[Recorded data]

>>

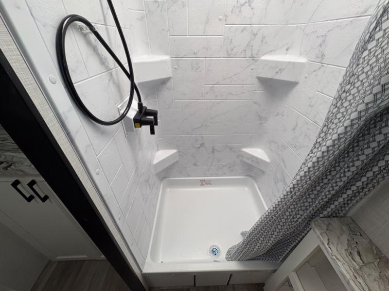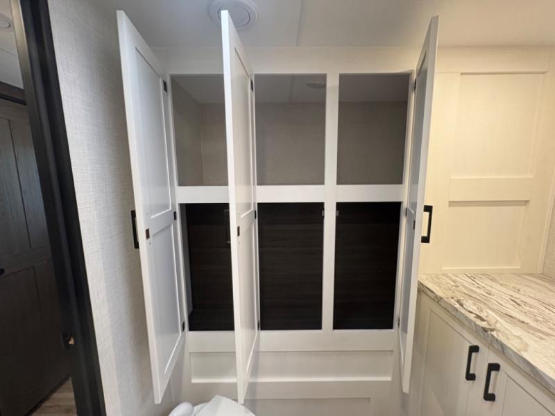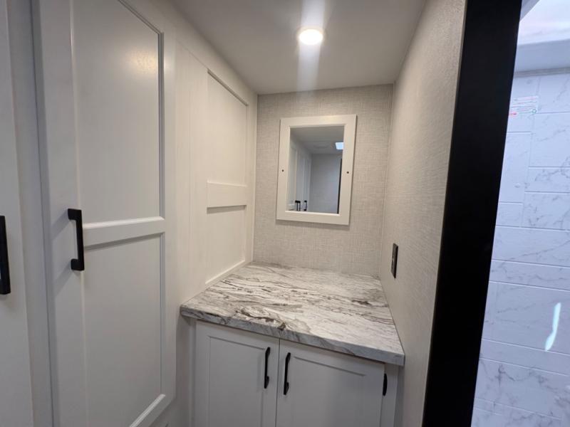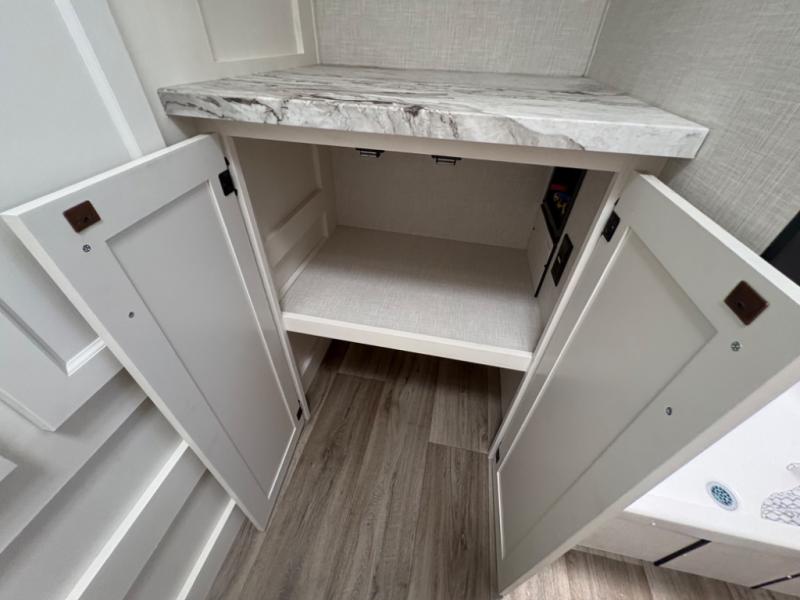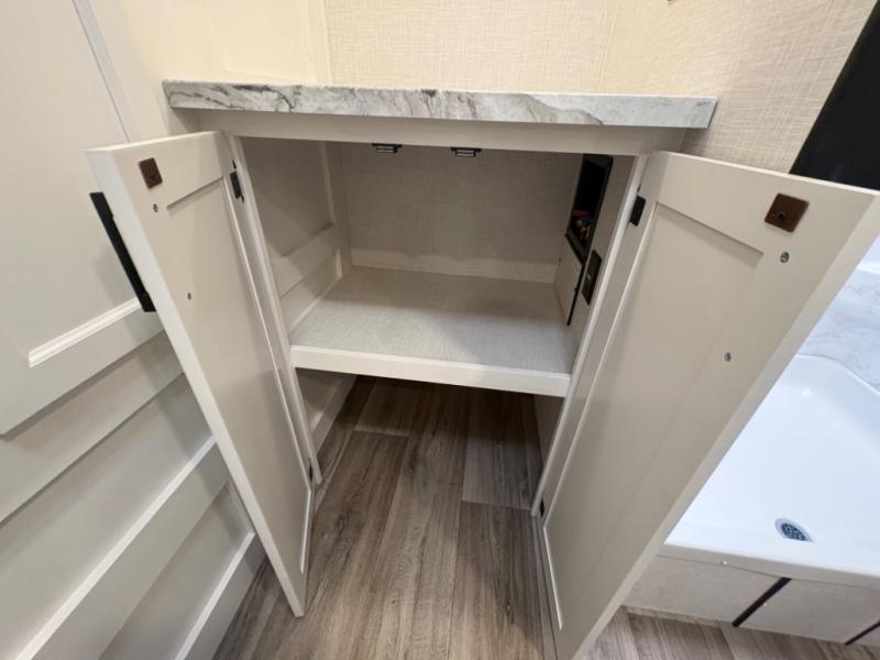 Spacious Rear Bath Layout – The 261VRB floorplan maximizes interior comfort with a large rear bathroom that provides extra storage, a roomy shower, and residential-style touches for a home-like experience on the road.
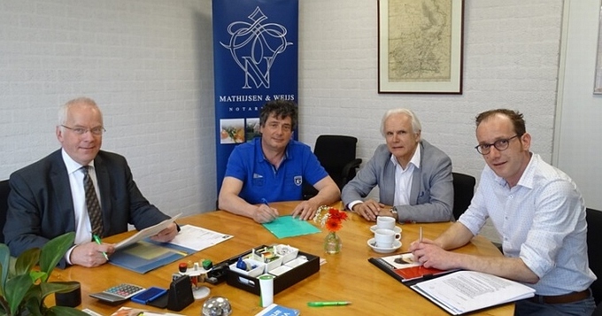 Foto: Ondertekening akte: v.l.n.r. notaris Weijs en het bestuur Marcel Hermans, Jan Kempen en Jeroen Verhoeven.
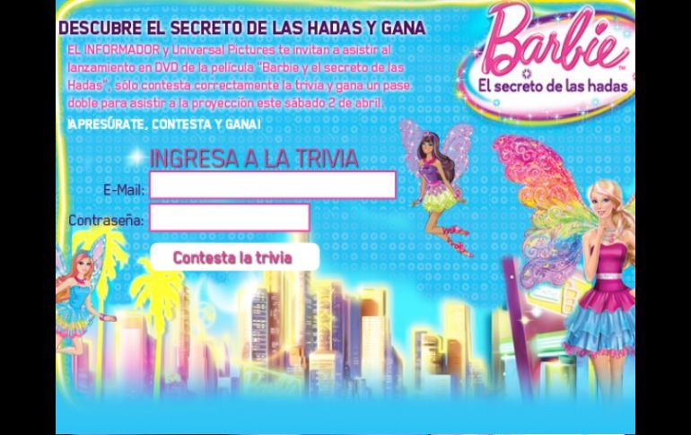 Entretenimiento | Gracias a todos por participar ¡Felicidades a los ganadores de pases para 'Barbie y el secreto de las Hadas'! El INFORMADOR.COM.MX agradece tu participación y te invita a seguir pendiente de nuestras promociones. Por: EL INFORMADOR 1 de abril de 2011 - 13:48 hs . / GUADALAJARA, JALISCO (27/MAR/2011).- EL INFORMADOR y Universal Pictures te agradecen por participar en la rifa de pases para asistir a la proyección de la película "Barbie y el secreto de las Hadas" este sábado 2 de abril. A continuación la lista de ganadores: 1.Ricardo Rivas Gonzalez 2.Cristina Marin Alatorre 3.Dolores Adriana Camarena Ramírez 4.Alejandra Diaz Pinto 5.Salomon Correa 6.Lourdes Livier Lopez Marquez 7.Beatriz Isabel Hernandez Guzman 8.Iliana Sofia Avila Florio 9.Bernardo Moreno Orozco Y Loza 10.Jorge Angel Orozco Figueroa 11.Claudia Virna Gonzalez Briseño 12.Luz Irene Sauza Anguiano 13.Rosa Margarita Mora Trujillo 14.Paola Maria Del Carmen Ortiz Vaca 15.Fabiola Contreras 16.Karina Patricia Torres Toscano 17.Elizabeth Ramirez Ibarra 18.Jocelyne Natalia Aceves Carranza 19.Priscila 20.Norma Leticia Cervantes Pantoja 21.María Rosa Rico Pérez 22.Kassandra Citlali Camargo Serrano 23.Ernesto Martin Urzua 24.Mariana Carolina Carrillo Marin 25.Victoria Mireya Rodríguez Gutiérrez 26.Ixchel Ponce 27.Eunisearriagamedina 28.Elda 29.Luis Alberto Jiménez Delgado 30.Gabriela Buenrostro Pompa 31.Mario Alberto Maldonado Silva 32.Martha Esmeralda Mariscal Barriga 33.Karen Edith Michel Peña 34.Rocio Madrid 35.Lucero Yulissa Cruz Arcos 36.Karime Guerrero 37.Hector Carretero Rodriguez 38.Aurea Emily Osornio Contreras 39.Laura Alvarado 40.Francia Victoria Sepúlveda Lozano 41.Angelica Partida 42.Rafael Arceo Chavez 43.Leon David Rodriguez Hernandez 44.Lucia Macias Rodriguez 45.Graciela Paola Curiel Moreno 46.Jose Luis Rosales Suarez Los ganadores ya fueron notificados vía correo electrónico. Recoge tus pases en las instalaciones de El Informador ubicadas en la calle Independencia número 300 en la zona Centro de Guadalajara con una copia de identificación oficial apartir de las 16:00 horas de este viernes. Temas Cine Barbie Lee También Andrew Garfield sueña con unirse a “Wolverine” en Marvel ¿Quién es quién en el spin-off de "El señor de los cielos"? Andando el camino a la distopía “Un mundo mejor”: el poder de la sanación emocional Recibe las últimas noticias en tu e-mail Todo lo que necesitas saber para comenzar tu día Registrarse implica aceptar los Términos y Condiciones
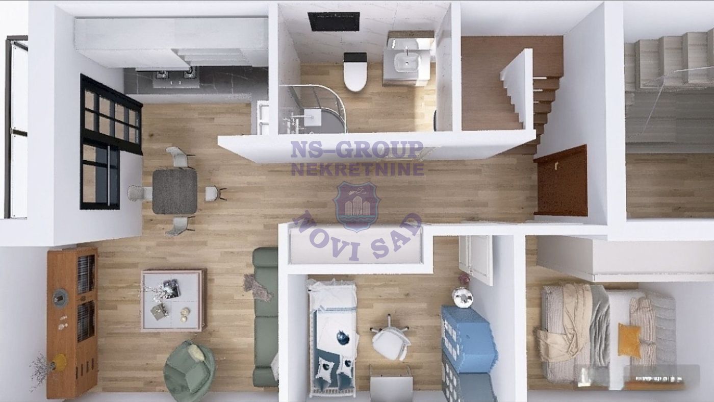Predstavljamo prelep šestosoban stan na ulazu u Veternik. Stan se sastoji iz dve etaže, na prvoj se nalazi dnevna soba sa kuhinjom i trpezarijom, dve spavaće sobe, kupatilo, terasa, kao i stepenište koje vodi na gornju etažu, na kojoj se nalazi dnevna soba sa kuhinjom i trpezarijom, dve spavaćče sobe, kupatilo i terasa. Stan može da funkcioniše kao dve odvojene stambene jedinice. Pogodan je za više porodica. Lokacija odlična za miran porodičan život. Za sve dodatne informacije pozovite nas.
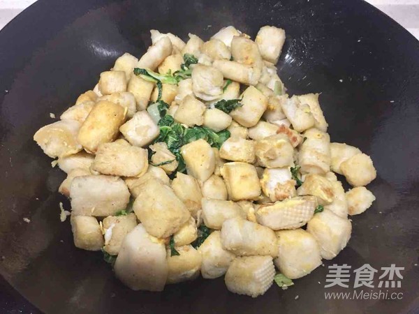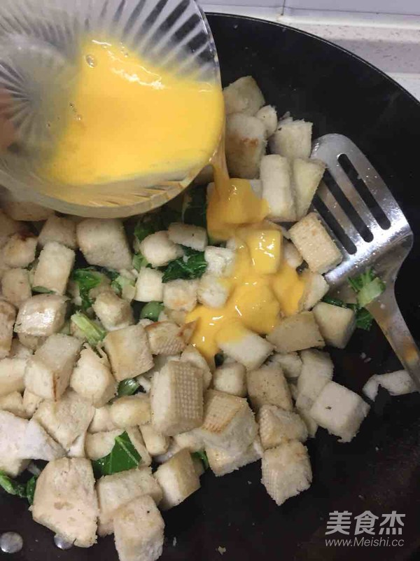 5.3.待小白菜稍軟,放入饅頭、適量鹽、少許雞精、少許十三香,繼續翻炒。
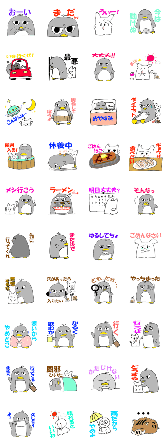 ペン銀造ともうします umeko コメントをどうぞ 見た目は怖いけど気が弱くて優しい太ったペンギンです。犬の友達チビ助とちっちゃい仲間もちょいちょい登場。ペン銀造と申します。 このスタンプどう思う?!↓クリックで投票♪好き (0)かわいい (0)かっこいい (0)おもしろい (0)使いやすそう (0)欲しい (0)萌え (0)ほっこりする (0)おしゃれ (0)ゆるい (0)こわい (0)ウザい (0)キモい (0)ムカつく (0)持ってる (0)癒される (0)セクシー (0)個性的 (0)私は買わない (0)誰かプレゼントして! (0) 購入・プレゼントする Facebookでシェア Twitterでシェア
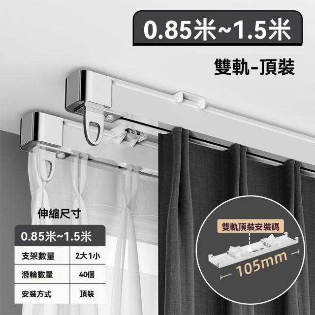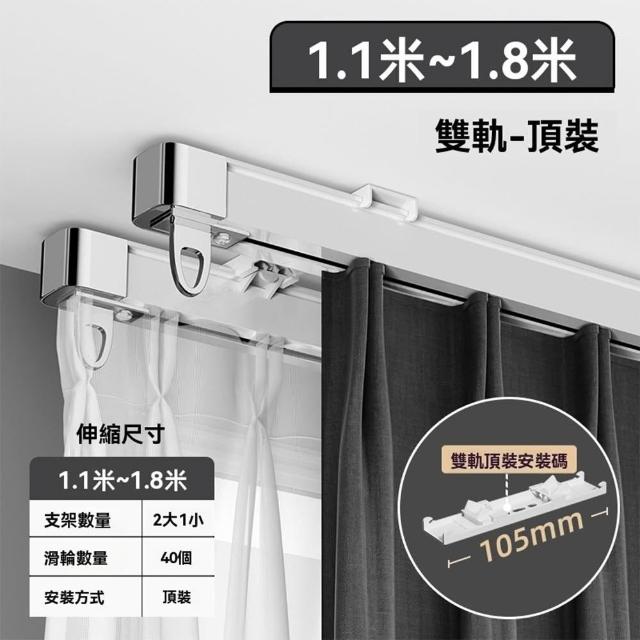 鋁合金窗簾軌道 窗簾軌道 伸縮軌道 窗簾滑軌 單軌頂裝側裝 窗簾雙軌(伸縮調節/無需組裝/鋁合金材質)
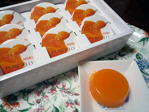 <夕張:夕張メロンピュアゼリー> 夕張メロンをそのまま食べているみたいに、口いっぱいに味が広がります。食感も普通のゼリーと違い果肉感があります。 URL :HORI |
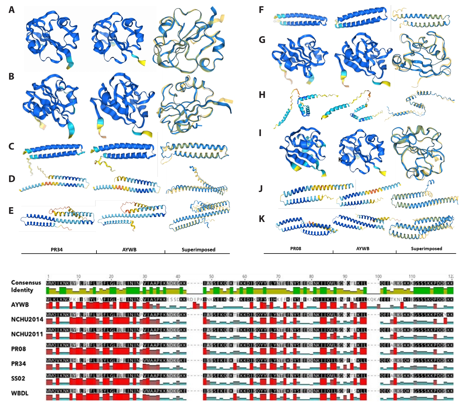 Structural analyses added an additional layer of validation. Comparative alignments and AlphaFold2-based structural predictions of SAP05, SAP11, SAP54 (PHYL1), SAP15, SAP19, SAP21-like, and SAP49 homologs from PR08 and PR34 revealed strong conservation of α/β folds across strains (Fig. 4). Foldseek-based comparisons confirmed near-identical structural cores, particularly across α-helices and β-sheets, with low RMSD values ranging from 0.40 to 0.71 Å across multiple effector–crystal structure pairings, supporting robust fold conservation despite modest sequence divergence. Deviations were largely confined to loop regions, which are structural elements often implicated in host protein–protein interactions. AlphaFold2 models of SAP11, SAP05, and SAP54 showed consistently high pLDDT scores across the conserved helical core (> 85–90), indicating high confidence in the predicted folds, while lower confidence was restricted to signal peptides and terminal regions. For example, PR34 and PR08 SAP05 and SAP54 homologs each showed low RMSD values (< 0.75 Å) when superimposed on their respective reference crystal structures, supporting strong fold conservation (Fig. 4). In SAP05, for example, subtle loop variability could influence binding to the plant ubiquitin–proteasome system, while the PR34 SAP11 homolog closely mirrored AYWB SAP11 in hydrophobicity profiles and overall fold, suggesting functional mimicry of TCP-binding activity (Fig. 4). These models therefore provide reliable structural context for effector conservation, although functional interactions remain to be experimentally validated.

<<

Task objective:
In the entries above, find the line containing "ペン銀造ともうします umeko コメントをどうぞ" and the line containing "URL :HORI |", then copy both and every line between them exactly, without any picture.

Exercise answer:
 ペン銀造ともうします umeko コメントをどうぞ 見た目は怖いけど気が弱くて優しい太ったペンギンです。犬の友達チビ助とちっちゃい仲間もちょいちょい登場。ペン銀造と申します。 このスタンプどう思う?!↓クリックで投票♪好き (0)かわいい (0)かっこいい (0)おもしろい (0)使いやすそう (0)欲しい (0)萌え (0)ほっこりする (0)おしゃれ (0)ゆるい (0)こわい (0)ウザい (0)キモい (0)ムカつく (0)持ってる (0)癒される (0)セクシー (0)個性的 (0)私は買わない (0)誰かプレゼントして! (0) 購入・プレゼントする Facebookでシェア Twitterでシェア
 鋁合金窗簾軌道 窗簾軌道 伸縮軌道 窗簾滑軌 單軌頂裝側裝 窗簾雙軌(伸縮調節/無需組裝/鋁合金材質)
 <夕張:夕張メロンピュアゼリー> 夕張メロンをそのまま食べているみたいに、口いっぱいに味が広がります。食感も普通のゼリーと違い果肉感があります。 URL :HORI |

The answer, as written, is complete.